Of course I didn't know, but when in doubt I chose b. Overall, I think I did fairly well (maybe 5 wrong), actually, but from talking to some of the other hopefuls, you can only get about 3 questions wrong to pass. The room was full of about 100 or so people, and only about 5 made it. I have a tendency to assume the best, and when it doesn't go my way, i get a lil emo for a hot second or two, but by the time i got home I was feeling better.

Then I get a call from my brother and he needs my help ($). Of course it comes at a time where my finances are struggling..still waiting for that big bag of money to drop from the sky! grrr. but being the proud asshole that I am, I have to help him. I think subconsciously it makes me feel superior, and in general I just don't like showing weakness to people. After meeting up with him, I really didnt have anything else to do. And I really hate doing nothing on the weekend nights. It makes me feel like a loser, which is one of the worst parts of being single. if only I could be like so many other people out there and learn to settle. boo (not really!) for having standards.

Then Saturday I spent most of the day doing some chores and some exercising. During the night time we played a gig at a bar in jc, which was a lot of fun. I realized something recently about my playing, and that is, for me at least, mistakes don't come from not knowing what to play, because I certainly practice enough and know the parts..they come from a lack of focus while playing. I have to really work harder on concentrating on what I'm playing, and realize where we are in the song, and what comes next. As well as break down all the songs and really tear them apart. In general I was pretty happy with performance, but its those 4 or 5 notes over the course of 10 songs that screw with my head. Eliminating these mistakes will really go along way to feeling better about myself. I've been reading a lot on general music theory, and I feel I've made a lot of progress in putting together the missing pieces, as well as just getting a better feel for playing. I'm not the type that can just believe something works, I like to know how and why they work. knowledge is powerrr!

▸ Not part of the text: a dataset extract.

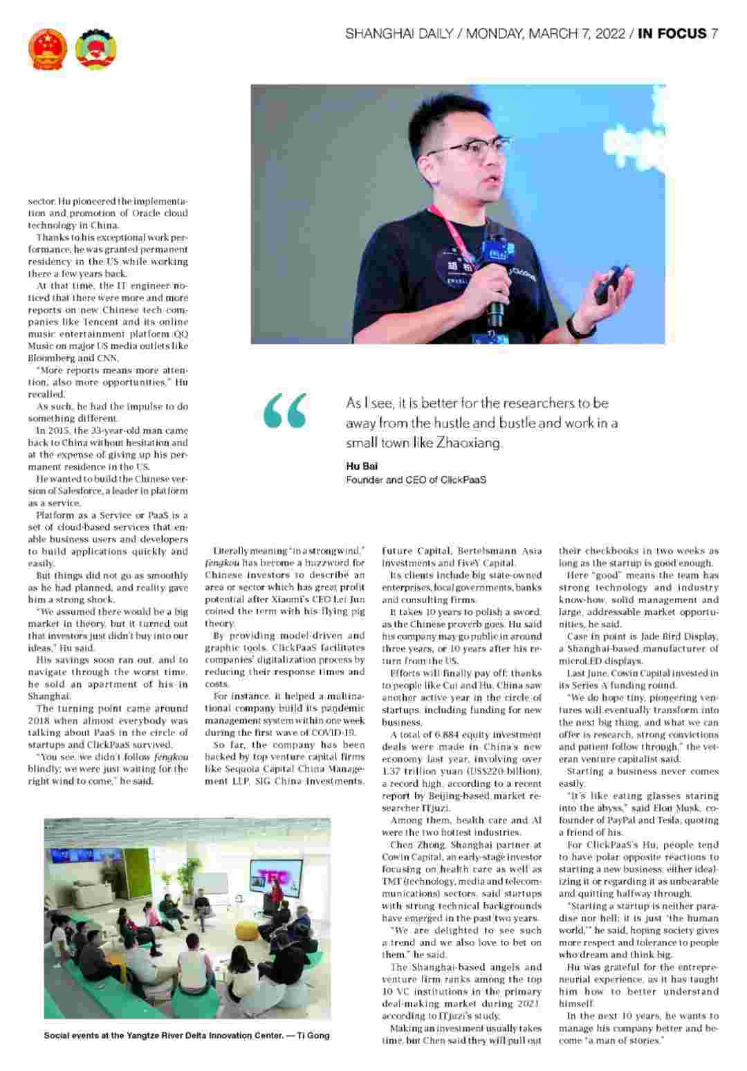 近日,,,沃钱包创始人、、CEO胡柏接受了《上海日报》采访,,关于自己当初为何选择创立沃钱包,,,又为何将公司落户于上海青浦,,,,分享了其背后的故事。。
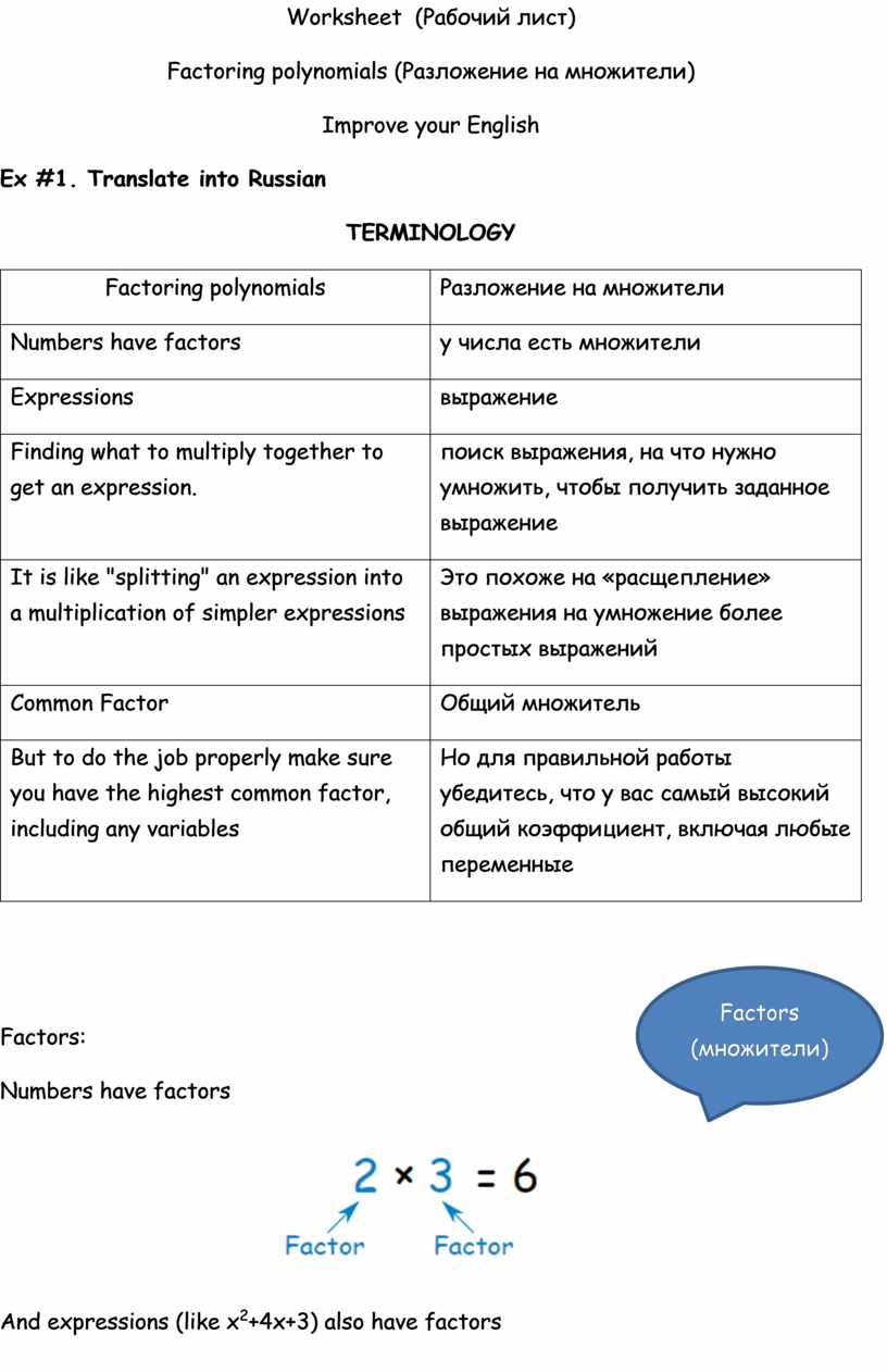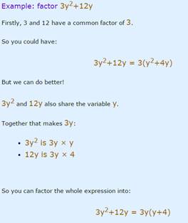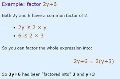 Factor In the previous example we saw that 2y and 6 had a common factor of 2.

Then today, I made the trek down to south jersey to visit my parents for a few hours prior to Run Robot practice. My brother was also down there, and the tension was running hot! I commented at one point "is it always like this when you come down here?" it was pretty unpleasant to be around the bickering going back and forth between my brother and dad. guys are stupid! So I said something totally gay like "we should try to enjoy our time together." haha. burrrrn. things got better after that. Its not easy dealing with my bro, he is a know it all (who really only knows a little.) My dad and mom are also not easy to take when they start with the questions and suggestions, but I'm more well adjusted then my brother and usually do a better job at not starting WWIII.

Practice was a lot of fun. We haven't had the chance this summer to practice much, so its been awhile. I was happy to see that on most of the songs we had trouble with, I was the only one who was unsure of what to play. As the writer of the song, I am less inclined to practice because its my creation! but I do need to devote some time to practicing these songs as well. we added a few old songs back into the mix, and have about 8 total now, so that should be enough to play an actual gig! Hopefully by late September that can happen. Afterwords we ate Vietnamese food, and I was sooooo happy there wasn't much traffic coming home.

Anyway! One of the songs I really like playing is called "thanks but no thanks!" Lyrics are below annnnd a clip!



here's a link if the player doesn't work:thanks but no thanks

She's all over me online
and i dont know how to stop it
without her crying

so please
leave me alone
no more text messages on my telephone

so thanks for your time
another victimless crime

and i'm taking steps to untangle
this tidy little mess i made
has really blown up in my face

i'm really not that bad
i know we'll keep in touch
but i cant see you anymore
once u walk out that back door

so please
leave me alone
no more text messages on my telephone

so thanks for your time
another victimless crime

***

oh yeah, we wound up at the Coach House diner, and a group of extremely loud and stupid people who were at the gig, also showed up to eat. They were all over 40, but acting like they were 17. It was so obnoxious and painful! White trash at its finest, really. I think the combined IQ of their group was -123. Trashy old chicks who are butterface AND butterbodies, are only beaten on the lameness scale, by middleage jersey guidos with bad tans (and grammar). this groups had BOTH in abundance.